- _What to work on_
Starting at the line that contains "The primary suite" and stopping at the line that contains "Plus Solid Zip Up Belted Flare Hem Overcoat", restate each line of the records below exactly. Omit the pictures.

- _Entries provided_
————————
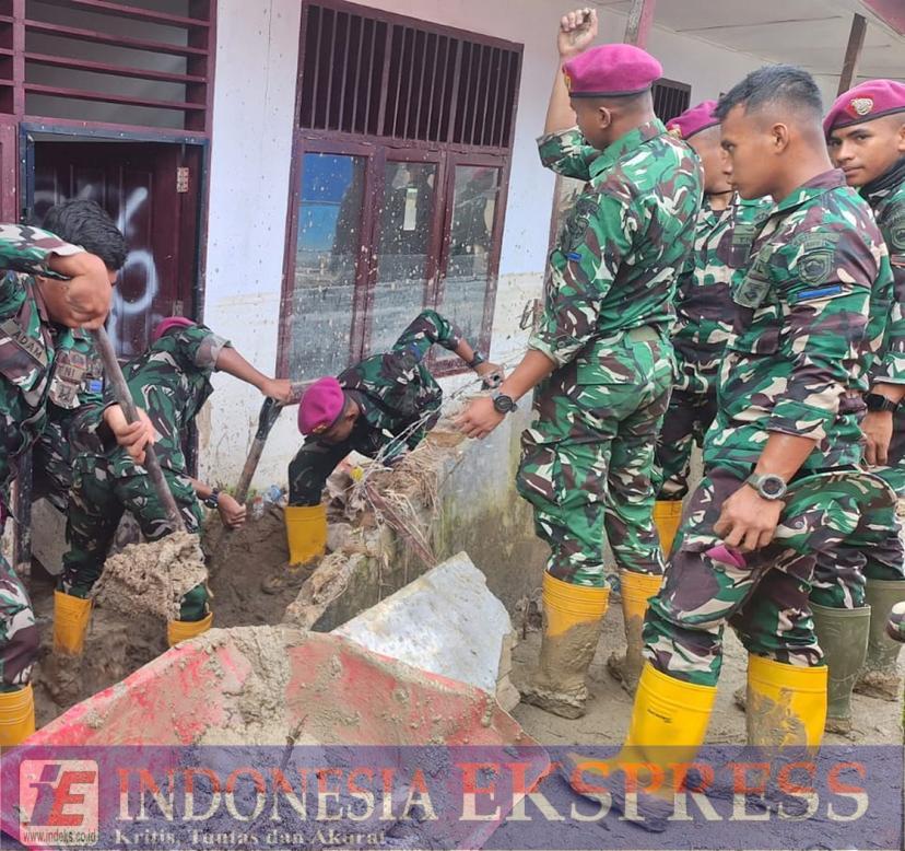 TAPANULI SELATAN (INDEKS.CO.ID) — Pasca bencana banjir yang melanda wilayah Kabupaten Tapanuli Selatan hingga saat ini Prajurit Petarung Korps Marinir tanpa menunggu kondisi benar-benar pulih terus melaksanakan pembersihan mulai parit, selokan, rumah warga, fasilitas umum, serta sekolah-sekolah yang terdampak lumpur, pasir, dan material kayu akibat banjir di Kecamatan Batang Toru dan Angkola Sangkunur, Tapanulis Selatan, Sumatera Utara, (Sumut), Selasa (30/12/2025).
————————
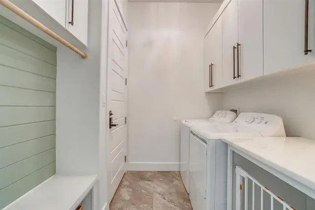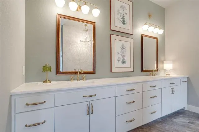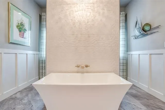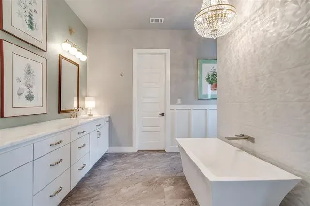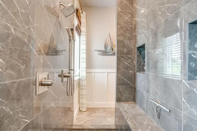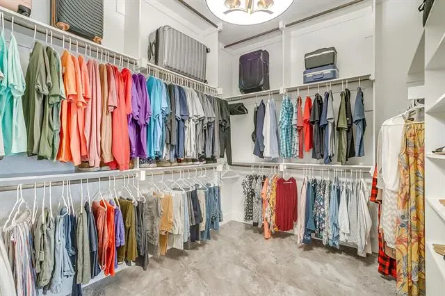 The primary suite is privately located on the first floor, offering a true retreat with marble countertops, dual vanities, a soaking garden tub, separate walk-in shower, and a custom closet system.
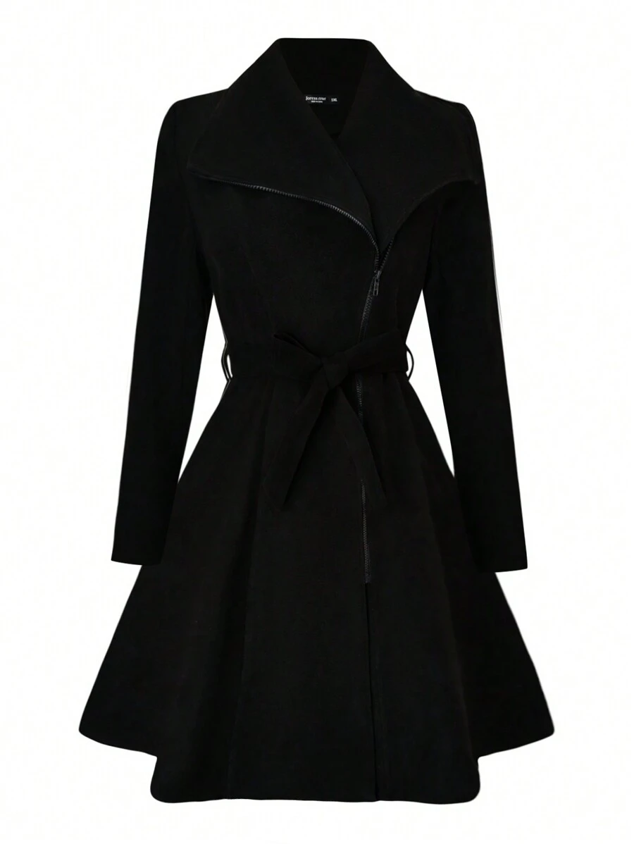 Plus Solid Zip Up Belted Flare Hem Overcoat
————————
- _Written answer_
 The primary suite is privately located on the first floor, offering a true retreat with marble countertops, dual vanities, a soaking garden tub, separate walk-in shower, and a custom closet system.
 Plus Solid Zip Up Belted Flare Hem Overcoat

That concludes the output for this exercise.